First languages (2011)
- • Afrikaans: 86.5%
- • Xhosa: 5.1%
- • Tswana: 3.6%
- • English: 1.9%
- • Other: 2.9%
- Time zone: UTC+2 (SAST)
- Municipal code: NC083

= //Khara Hais Local Municipality =

//Khara Hais Local Municipality was a local municipality in the Northern Cape province of South Africa. It fell within the ZF Mgcawu District Municipality and governed the town of Upington and surrounding rural areas. As of 2011 the municipality had a population of approximately 93,500 people, and covered an area of 21,780 km2. The unusual spelling of the name comes from the original transcription of the Khwe language name, where the click consonant became "//".

After municipal elections on 3 August 2016 it was merged with the Mier Local Municipality to form the Dawid Kruiper Local Municipality.

==Geography==
The municipality area covered 21,780 km2 and stretched from the Orange River valley northwards to the international border with Botswana. Irrigation from the Orange River has produced a narrow band of irrigated land along the valley, while the rest of the municipality is desert, being the southernmost extent of the Kalahari. The Molopo and Kuruman Rivers flow intermittently through this desert area.

According to the 2011 census the municipality had a population of 93,494 people in 23,245 households. 65.2% of these people describe themselves as "Coloured", 23.1% as "Black African", and 9.9% as "White". 86.5% of the population speaks Afrikaans as their first language, 5.1% speak Xhosa, 3.6% speak Tswana and 1.9% speak English.

Most of the residents of the municipality live in the town of Upington, which has a population of 74,834. There are several smaller agricultural villages in the Orange River valley; they include (from east to west) Lamprechtsdrif (pop. 817), Karos (pop. 1,249), Leerkrans (pop. 1,383), Straussburg (pop. 1,157), Swartkop (pop. 1,652), Louisvale (pop. 4,435) and Klippunt (pop. 3,473).

== Politics ==
The municipal council consisted of twenty-seven members elected by mixed-member proportional representation.

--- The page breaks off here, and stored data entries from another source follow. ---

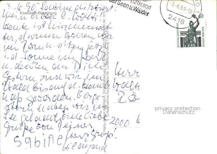 alte Postkarte Ratzeburg Fliegeraufnahme postalisch gelaufen Erhaltung siehe scans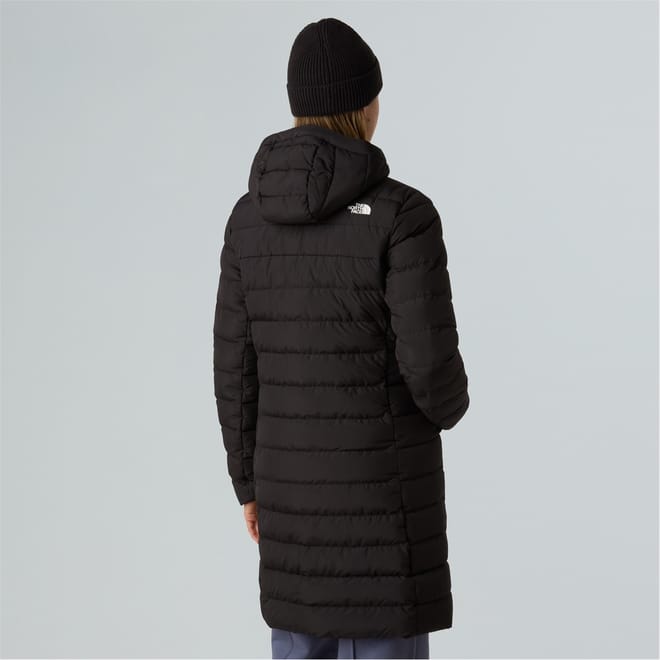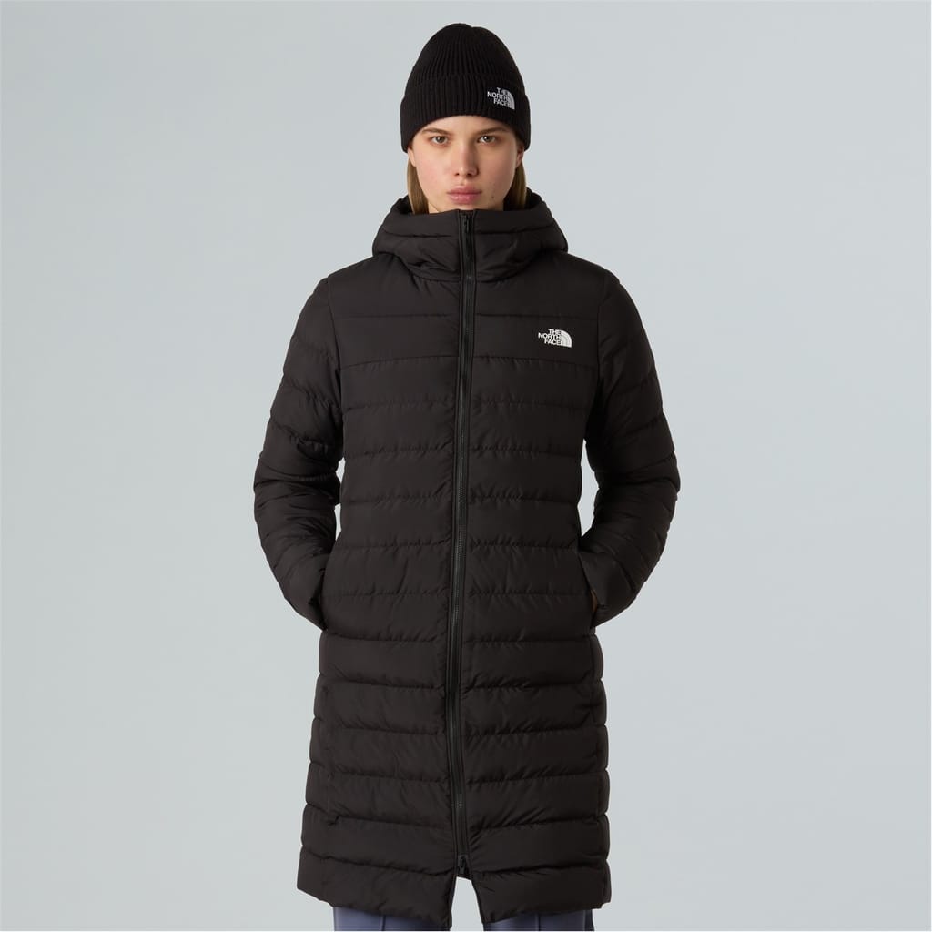 The North Face parka jacket is designed for winter, offering a hooded neckline and a solid pattern. It features a regular fit with a straight hem and a convenient zipper closure. Part of the sport and casual collections, this jacket is adorned with a logo, making it a practical choice for cold weather. -
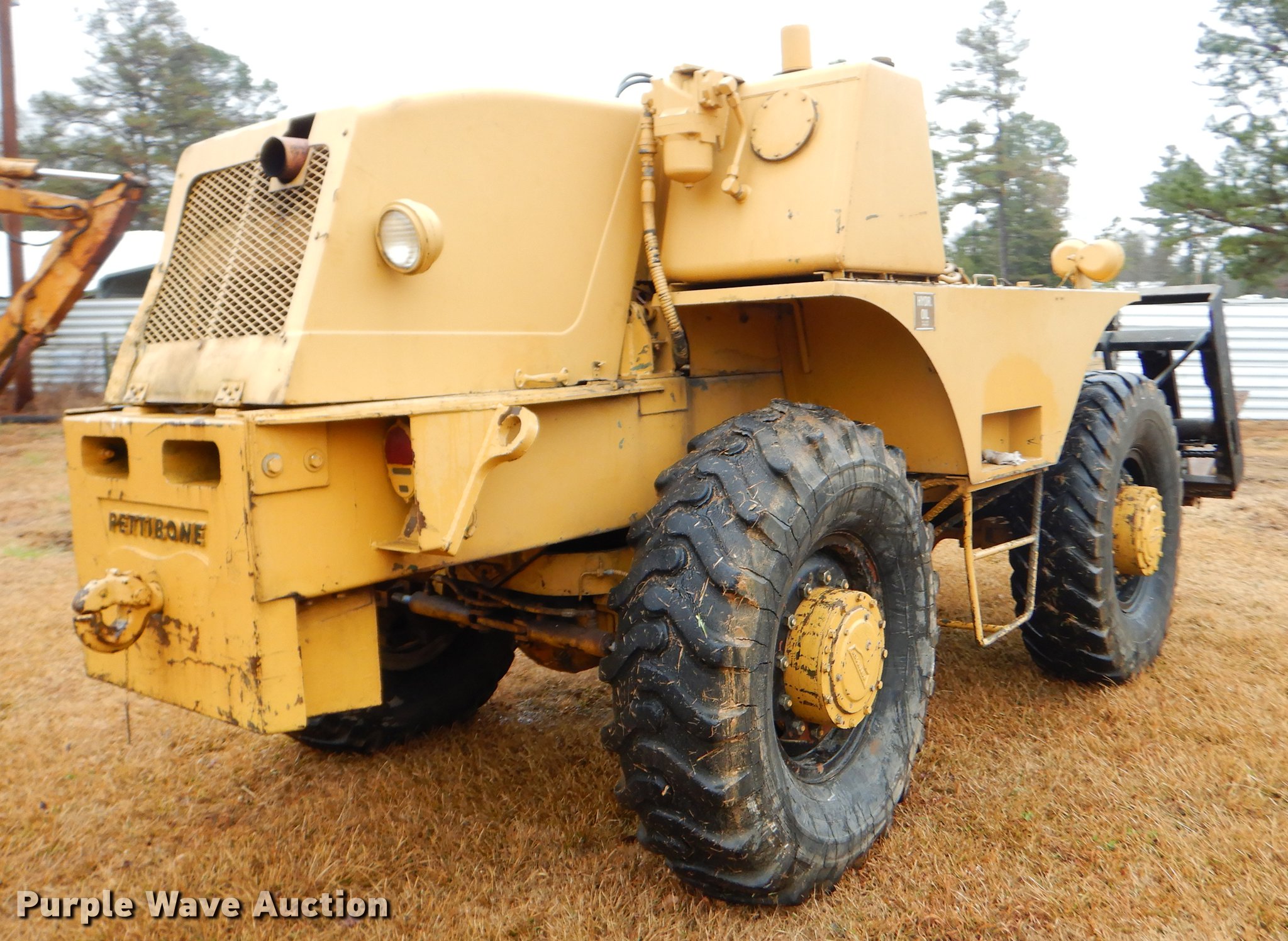Purple Wave is selling a used Strt. Mast Rough Terr. Forklift in Oklahoma. This item is a 1981 Pettibone MC-6000-RTL forklift with the following: 2,086 hours on meter, Detroit Diesel diesel engine, Serial 4D-181913, 3F-3R gears, Four wheel drive, Crab steer, Four wheel steer, Work lights, 6,000 lbs maximum lift capacity, Hydraulic fork width adjustment, 46"L forks, Pintle hitch, 14.00R24 tires, Oil leaks, Serial 6695

Fourteen councillors were elected by first-past-the-post voting in fourteen wards, while the remaining thirteen were chosen from party lists so that the total number of party representatives was proportional to the number of votes received. In the election of 18 May 2011 the African National Congress (ANC) won a majority of sixteen seats on the council.
The following table shows the results of the election.

| Party |  | Votes |  |  |  | Seats |  |  |
| Ward | List | Total | % | Ward | List | Total |
|  | ANC | 19,036 | 19,339 | 38,375 | 60.5 | 12 | 4 | 16 |
|  | DA | 7,752 | 7,756 | 15,508 | 24.4 | 2 | 5 | 7 |
|  | COPE | 4,510 | 4,405 | 8,915 | 14.0 | 0 | 4 | 4 |
|  | VF+ | 224 | 249 | 473 | 0.7 | 0 | 0 | 0 |
|  | Independent | 186 | – | 186 | 0.3 | 0 | – | 0 |
| Total |  | 31,708 | 31,749 | 63,457 | 100.0 | 14 | 13 | 27 |
| Spoilt votes |  | 384 | 346 | 730 |

== Wine industry ==
Most of Upington's wines are produced by Orange River Wine Cellars (OWC). The company has six depots in the area (all of them on the banks of the Orange River) at Upington, Kanoneiland, Grootdrink, Kakamas, Keimoes and Groblershoop. The wines from OWC are exported, inter alia, to Europe and the USA. A number of privately owned cellars also exist in the area. The //Khara Hais region accounts for more or less 40% of South Africa's grape exports.